3 Kondisi Psikologis yang Memengaruhi Kulit Menurut Studi Psikodermatologi
Ilustrasi kondisi psikologis yang memengaruhi kulit (Freepik/cookie_studio)

Bagikan:

JAKARTA – Merawat kulit ternyata tidak hanya rutin membersihkan dan memakai produk yang pas dengan karakter setiap kulit. Faktanya, antara kondisi psikologis dan kulit berkaitan. Studi yang meneliti kaitan kedua hal tersebut adalah psikodermatologi.

Dilansir Psychology Today, studi psikodermatologi merupakan bidang yang mencakup hubungan kulit dan otak. Manakah yang jadi penyebab utama, kondisi mental atau psikologis atau kulit?

Dermatologis dengan spesialisasinya menelusuri bagaimana kelainan kulit memengaruhi kesehatan mental dan sebaliknya. Dokter kulit bekerja sama dengan praktisi kesehatan jiwa atau psikiatri atau psikolog klinis ketika menangani dematosis psikosomatik kompleks.

Di antara pasien yang mengalami masalah kulit kronis, prevalensi gangguan kejiwaan mencapai 30 hingga 40 persen. Stres dan kecemasan dilaporkan dialami 44 persen pasien sebelum kambuh psoriasis awal. Kekambuhan berulang dialami ketika mengalami stres dialami 80 persen individu.

Lebih mengejutkan lagi, prevalensi pasien gangguan mental lebih besar mengalami masalah kulit daripada gangguan otak, kanker, dan masalah jantung.

Dalam artikelnya, Deana Goldin, Ph.D., DNP, APRN, profesor di Florida International University, menyimpulkan merawat pikiran itu juga sama dengan merawat kulit. Goldin mendaftar tanda-tanda yang mengindikasikan keterkaitan antara kondisi kulit dan kesehatan mental.

Kondisi kulit dapat memengaruhi gejala psikologis atau sosial

Gangguan kulit karena kosmetik, seperti vitiligo, breakout, psoriasis, dapat menimbulkan rasa malu, cemas, depresi, dan harga diri menurun. Meskipun kondisi kulit tersebut tidak mengancam jiwa, tetapi masalah yang dialami kulit dapat mengganggu kesejahteraan.
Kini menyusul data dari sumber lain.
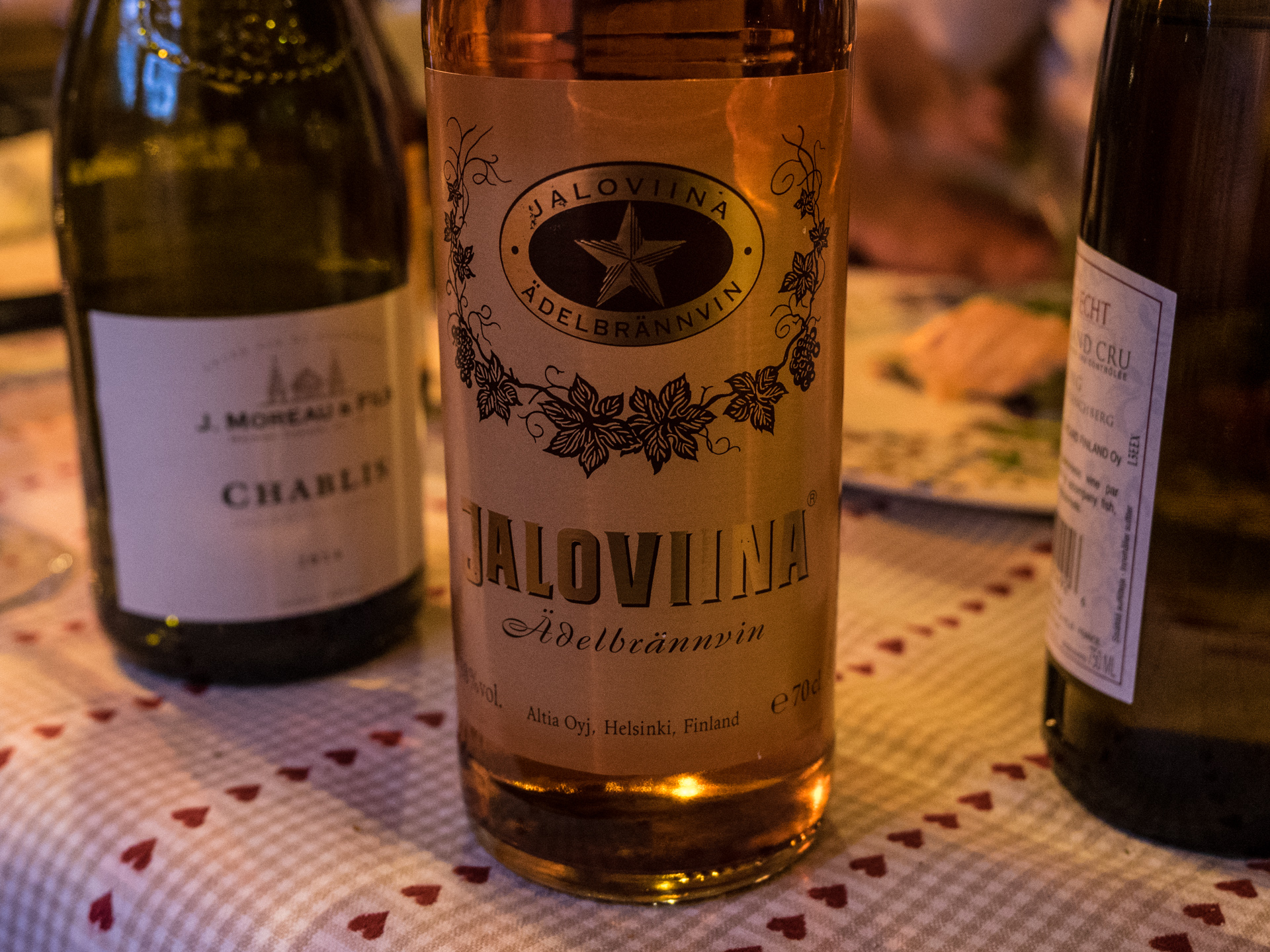 Пекка нам рассказал кучу всего интересного (кроме всего прочего, оказалось, что у него нынешняя жена - из России и он на ней женился совсем недавно), а когда беседа стала совсем задушевной, Пекка вытащил свой главный козырь: национальный напиток Jaloviina (произносится как "Яловийна" или "Яллу"), представляющий собой смесь из двух третей финской хлебной водки и одной трети французского коньяка. Плюс в эту штуку добавляют сахар и карамель (для цвета), так что получается такая "смерть в снегах", что этот напиток может выдержать только настоящий финн. Ну или русский, который по уровню алкогольной закалки вряд ли уступит настоящему финну.

Bahkan orang-orang yang mengalaminya bisa merasa minder dan susah mendapatkan pekerjaan.

Kondisi kejiwaan yang parah juga memicu masalah kulit

Mulai dari kerontokan rambut, dermatitis artefacta, dan delusi parasitosis merupakan gejala dari mengalami gangguan kejiwaan. Soalnya seseorang akan menganggap dirinya dipenuhi parasit pada kondisi delusi parasitosis.

Banyak pasien yang belum menyadari, selain membutuhkan konsultasi pada dermatologis, dibutuhkan juga konsultasi psikiatri.

Kondisi kulit dipengaruhi faktor emosional

Banyak kondisi kulit seperti jerawat, rambut rontok, psoriasis, gatal-gatal, rosacea, eksim, virus herpes simpleks, dan berkeringat banyak bisa diperburuk oleh stress dan faktor emosional, misalnya karena kehilangan pekerjaan, stres karena pekerjaan, dan kehilangan.

Goldin merekomendasikan apabila gejala fisiologis setelah dievaluasi dipicu oleh kondisi psikologis, maka perlu perawatan dengan pendekatan multidisiplin. Pengobatan dan caranya mengatasi bisa bervariasi, tergantung pada riwayat pasien dan faktor lain yang berhubungan.